The Central Office of Information (COI) was the UK government's marketing and communications agency. Its chief executive reported to the Minister for the Cabinet Office. It was a non-ministerial department, and became an executive agency and a trading fund subject to the Government Trading Funds Act 1973, recovering its costs from the other departments, executive agencies and publicly funded bodies which used its services.

Established in 1946 as the successor to the wartime Ministry of Information, the COI was designed not only to handle peacetime public information campaigns but also to continue the Ministry's legacy of coordinated government propaganda.
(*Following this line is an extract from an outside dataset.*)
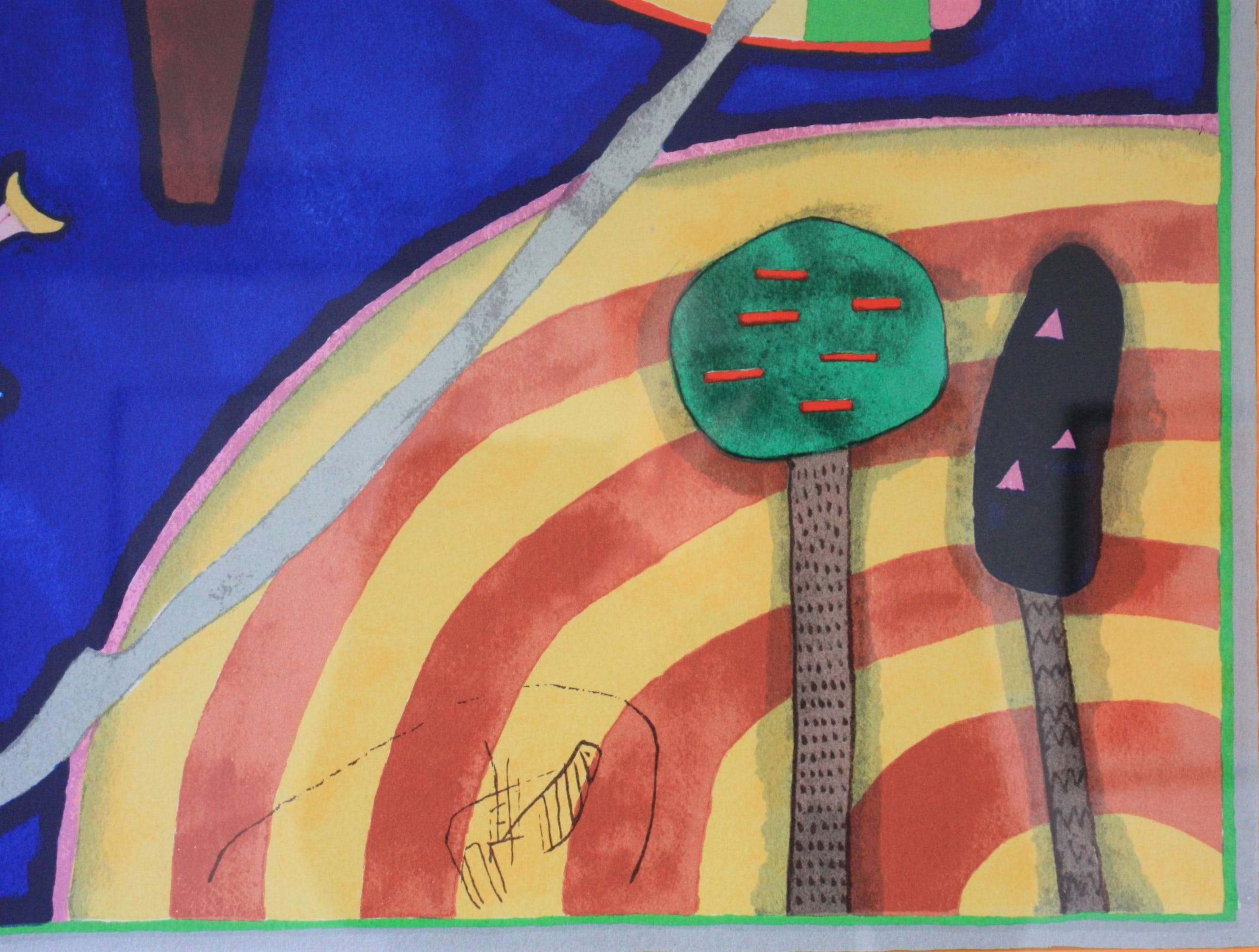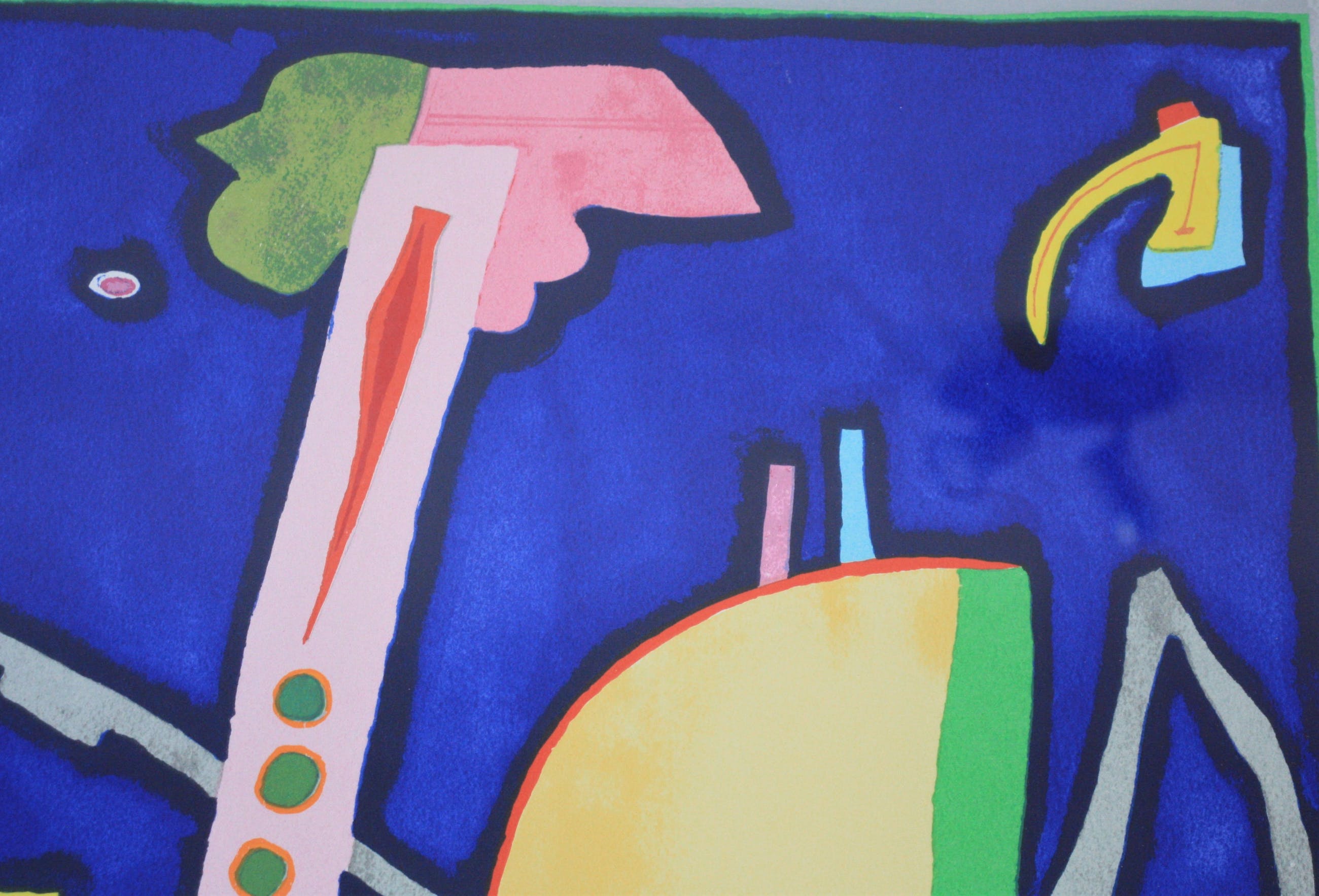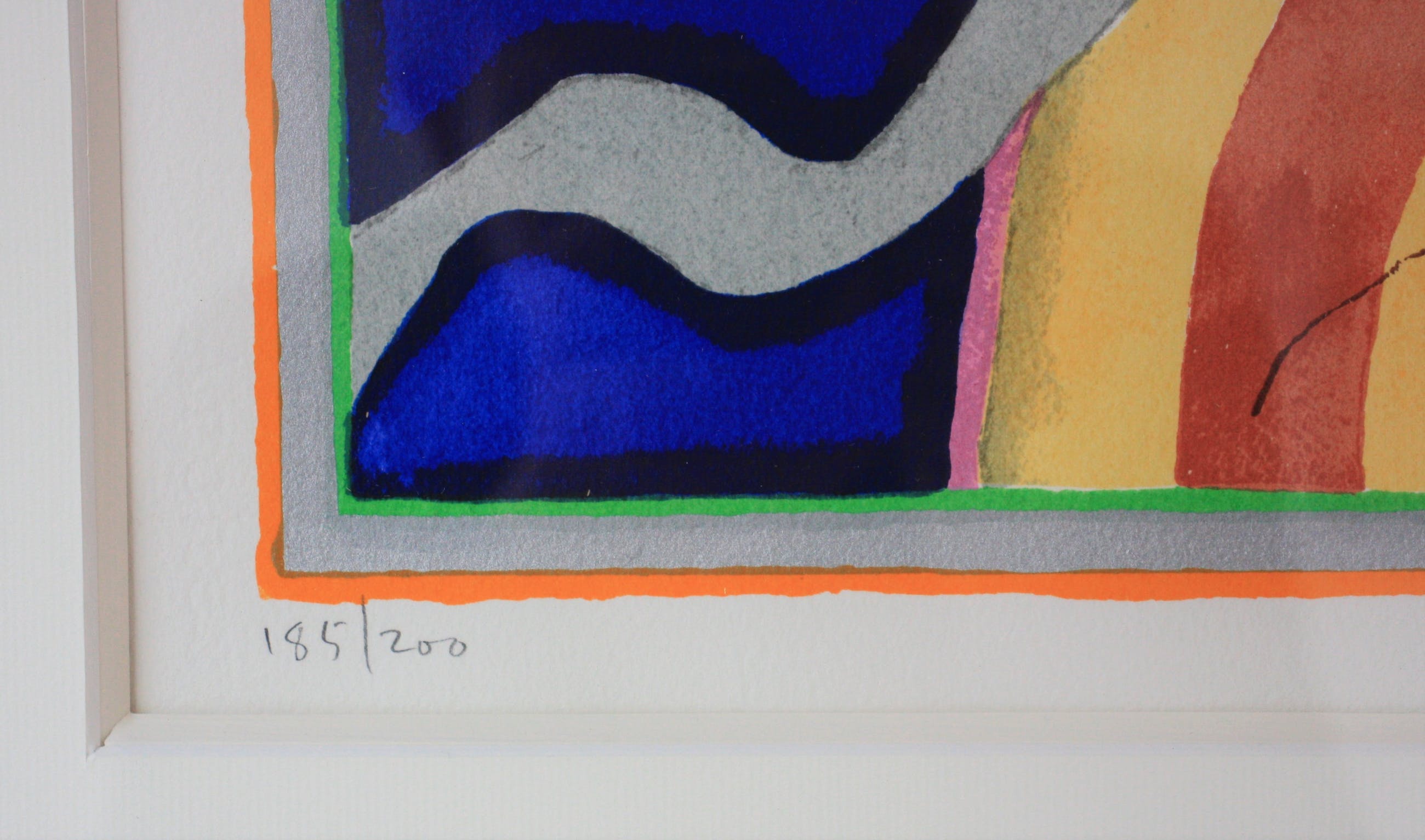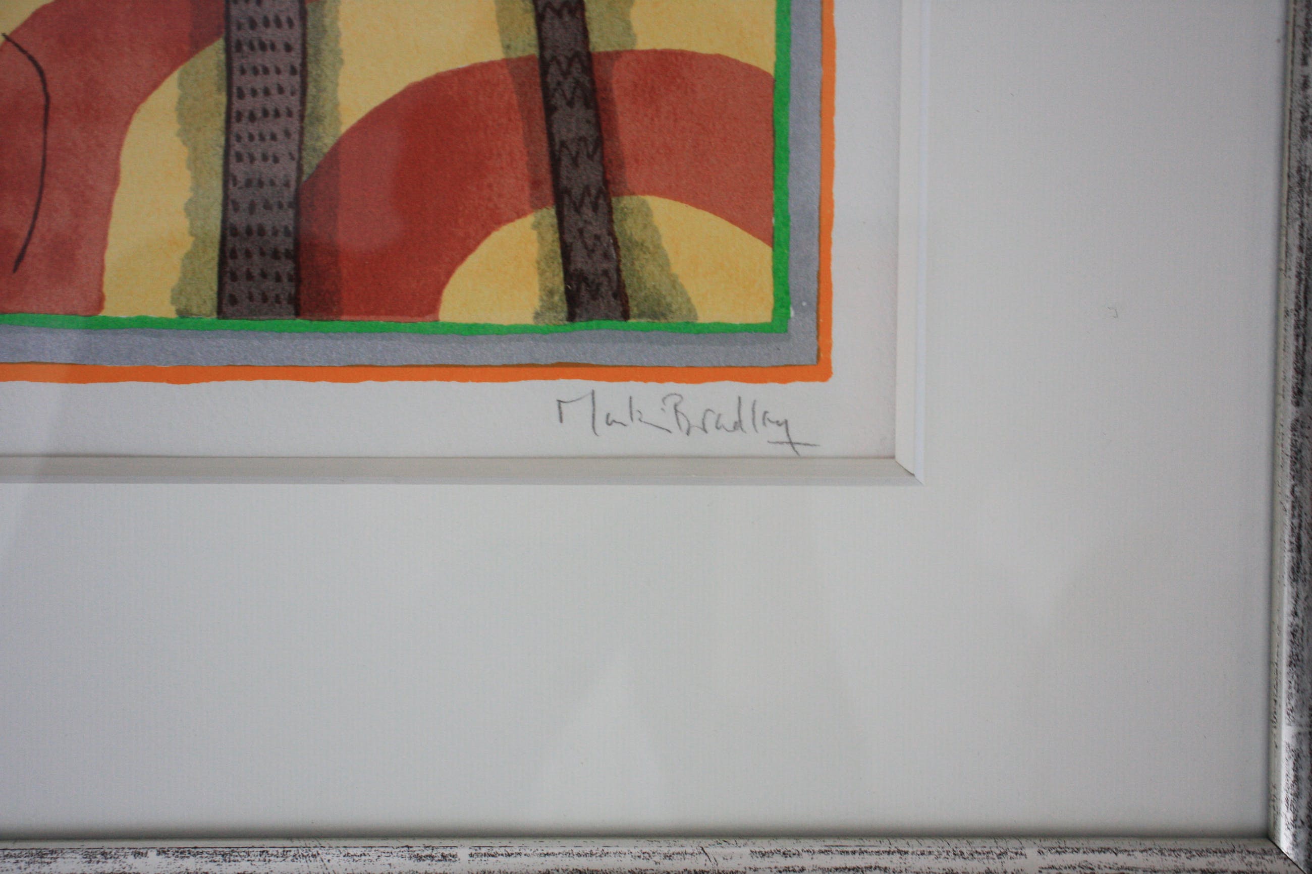 Dit werk is van de Britse kunstenaar Martin Bradley. Op de druk is een abstracte voorstelling te zien. Het werk is in zeer goede staat, rechtsonder gesigneerd en linksonder genummerd 185/200. Het werk is netjes ingelijst in passe-partout en achter glas.

The COI was, in part, an effort to shape cultural attitudes and public perceptions, both domestically and overseas.

==History==
The COI was established in 1946 as the successor to the wartime Ministry of Information, the government department responsible for publicity and propaganda, when individual government departments resumed responsibility for information policy. It worked with Whitehall departments and public bodies to produce information campaigns on issues that affected the lives of British citizens, from health and education to benefits, rights and welfare.

COI celebrated its 60th anniversary in 2006 with several events including a film season at the National Film Theatre and a poll to find Britain's favourite public information film on the BBC website.
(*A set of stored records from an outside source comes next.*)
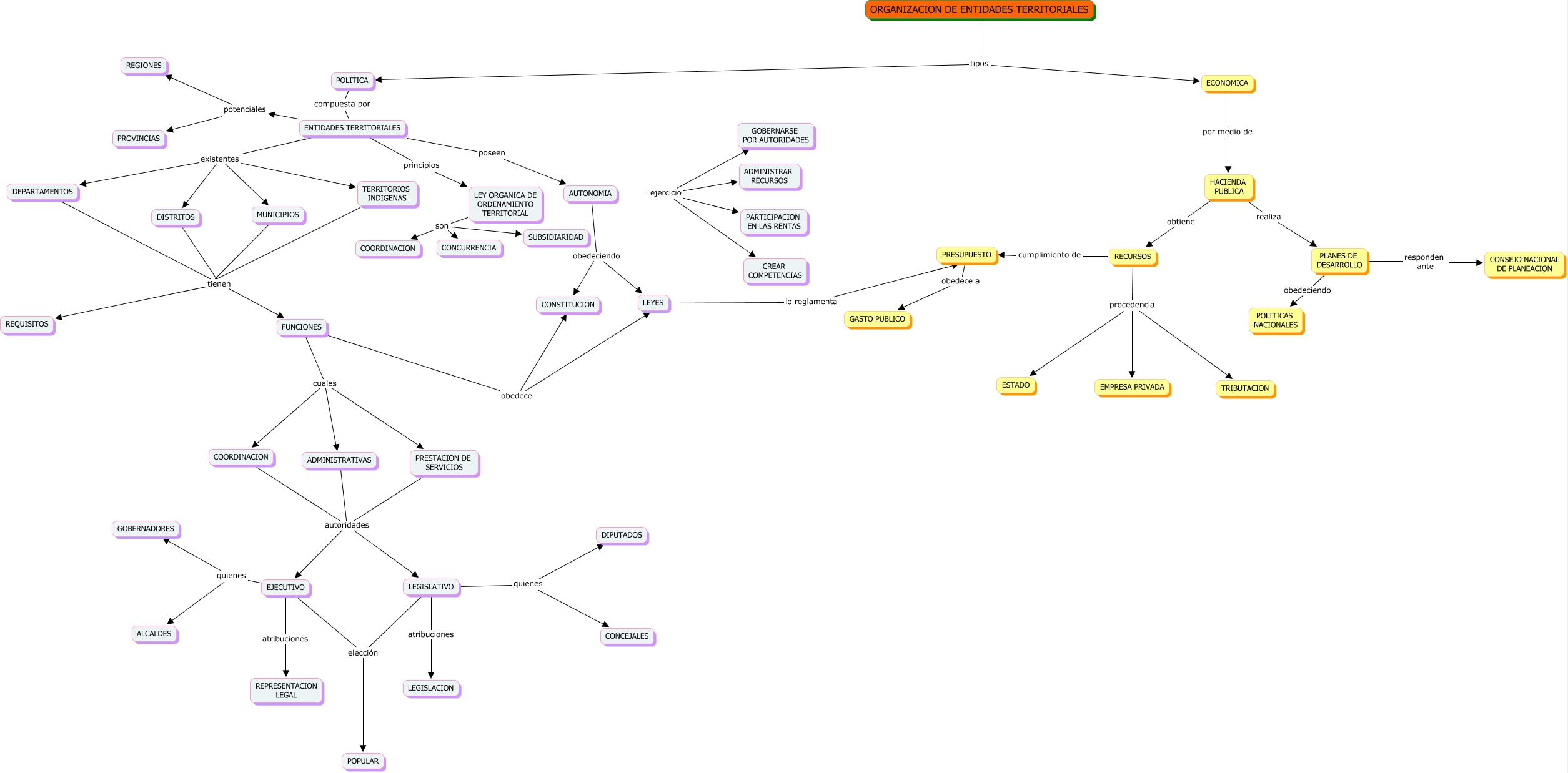REGIMEN CONSTITUCIONAL PATRICIA NIÑO 08478, LEGISLATIVO quienes DIPUTADOS, EJECUTIVO atribuciones REPRESENTACION LEGAL, PRESTACION DE SERVICIOS autoridades LEGISLATIVO, LEGISLATIVO atribuciones LEGISLACION, ECONOMICA por medio de HACIENDA PUBLICA, PRESUPUESTO obedece a GASTO PUBLICO, FUNCIONES cuales COORDINACION, FUNCIONES cuales ADMINISTRATIVAS, DISTRITOS tienen FUNCIONES, LEY ORGANICA DE ORDENAMIENTO TERRITORIAL son SUBSIDIARIDAD
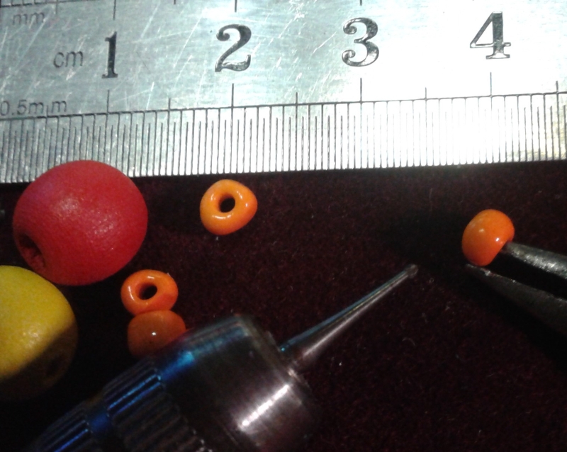 Etwas Material hat man sicher im Hause: aus Tochters Bastelkästchen nehmen wir uns (lassen uns geben!) einige Zierperlen von hinreichend kleinem Durchmesser.
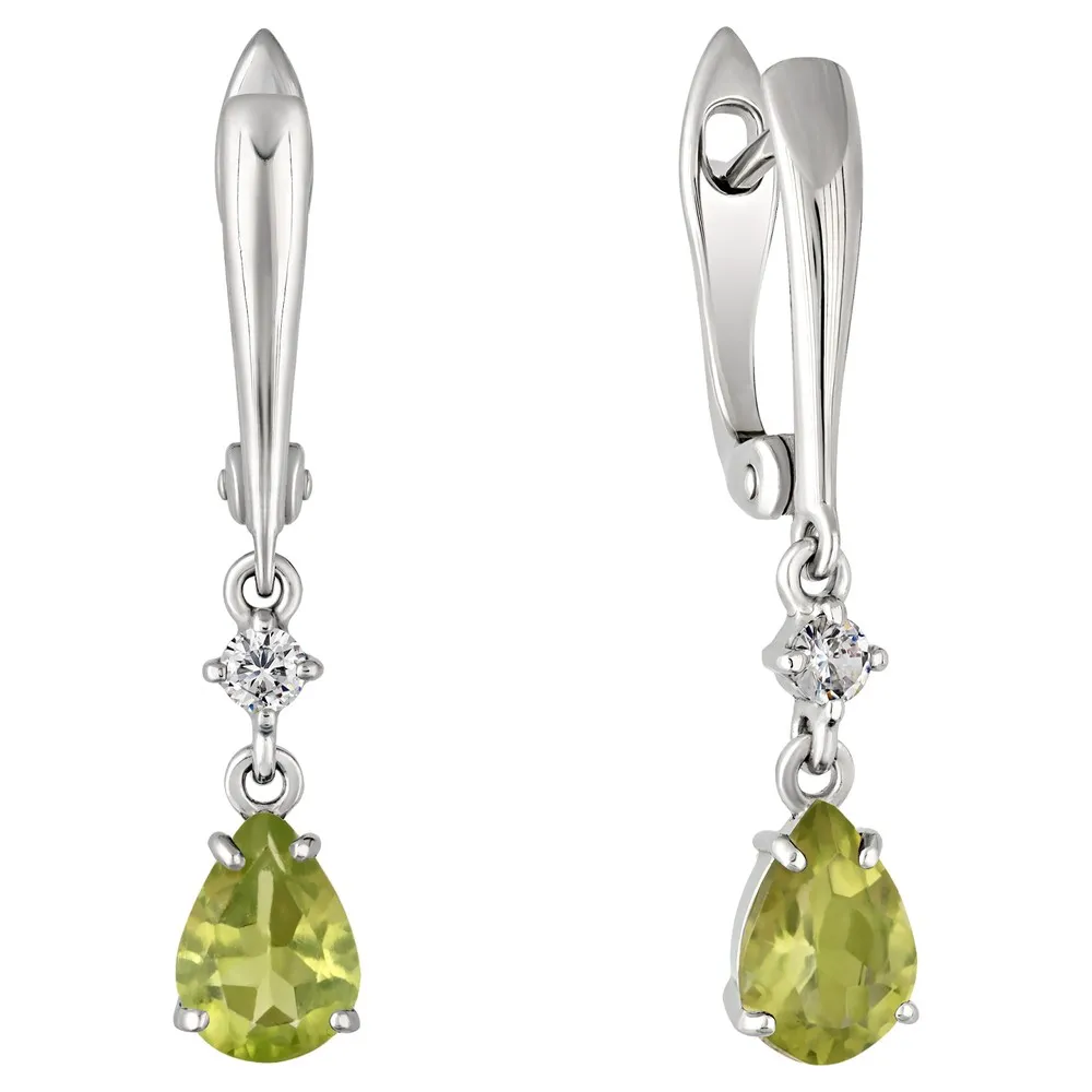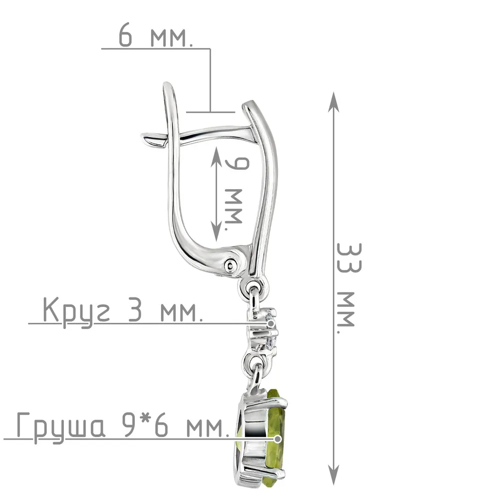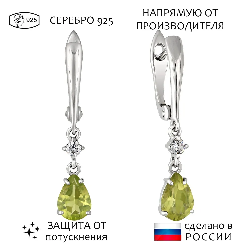 Серебряные серьги с натуральным хризолитом - коллекция Алсу (большая) / Без покрытия.

From 2010, governmental spending on marketing fell considerably. This was because of the Coalition Government's policy to support only essential campaigns. As a result, the government announced that COI would be closed and its remaining functions transferred to the Cabinet Office.
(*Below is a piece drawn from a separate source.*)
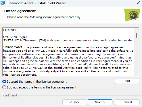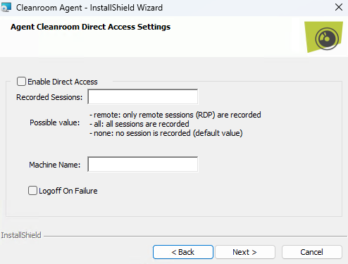 setup_CleanroomAgent.execonfiguración en la máquina donde desea instalar el agente de grabación. - Haga clic en
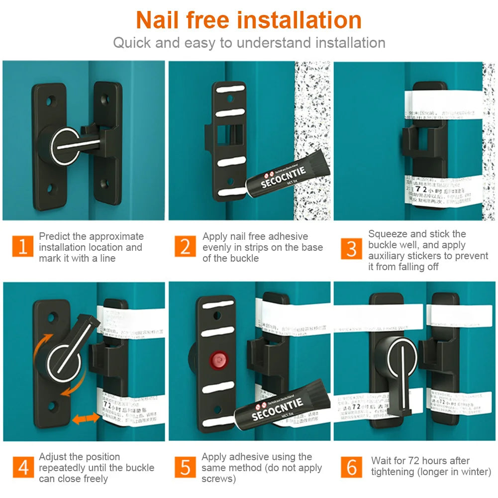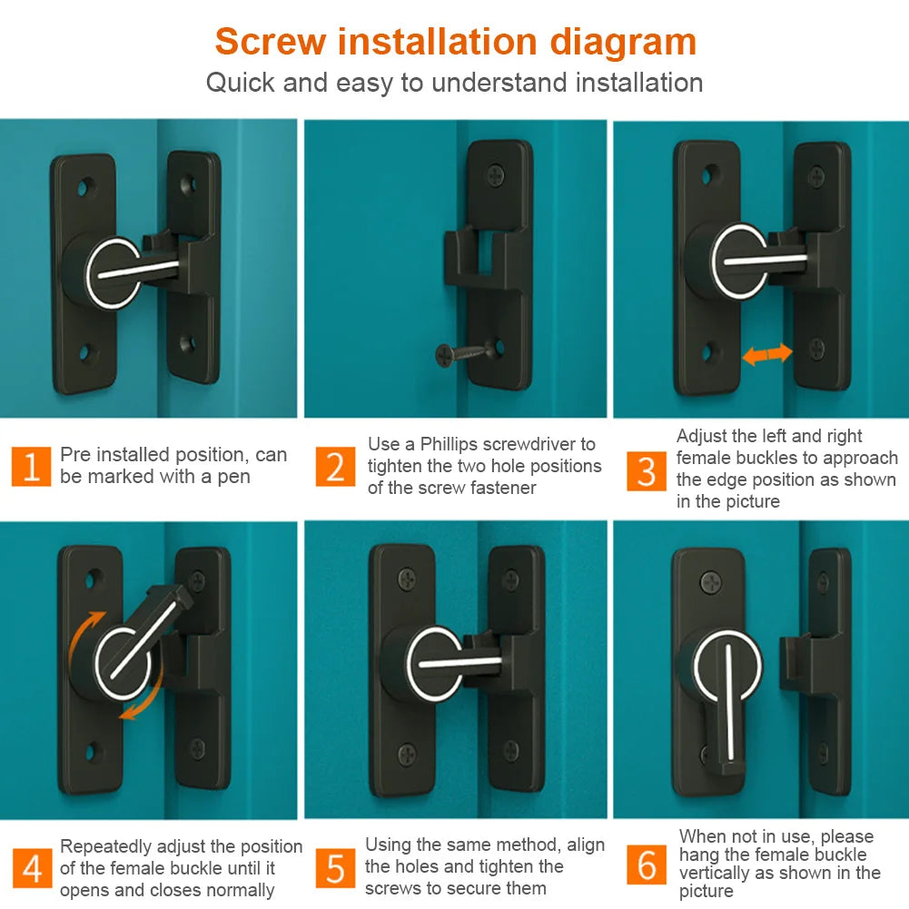4. Easy Installation: Begin by using a drill to locate and drill holes in the edges of the door or window. Then, use a screwdriver and screws to install the heavy-duty gate door bolt and fixture onto the door or window for easy installation. Follow the step-by-step instructions provided in the diagram for a hassle-free setup.

The Central Office of Information closed on 30 December 2011.

==Reputation==
A representative of the Incorporated Society of British Advertisers (IBSA), a trade body for advertisers in the UK, described the COI in 2009 as holding "a very high reputation amongst ISBA members, and indeed, in the industry as a whole, for being robust, transparent and fair", and in regard to its tendering processes, being "at the pinnacle of best practice".

Declassified documents and scholarly research show that the COI's reputation also rested on its effectiveness at coordinating cultural propaganda campaigns that sought to subtly guide public attitudes in ways that aligned with government objectives.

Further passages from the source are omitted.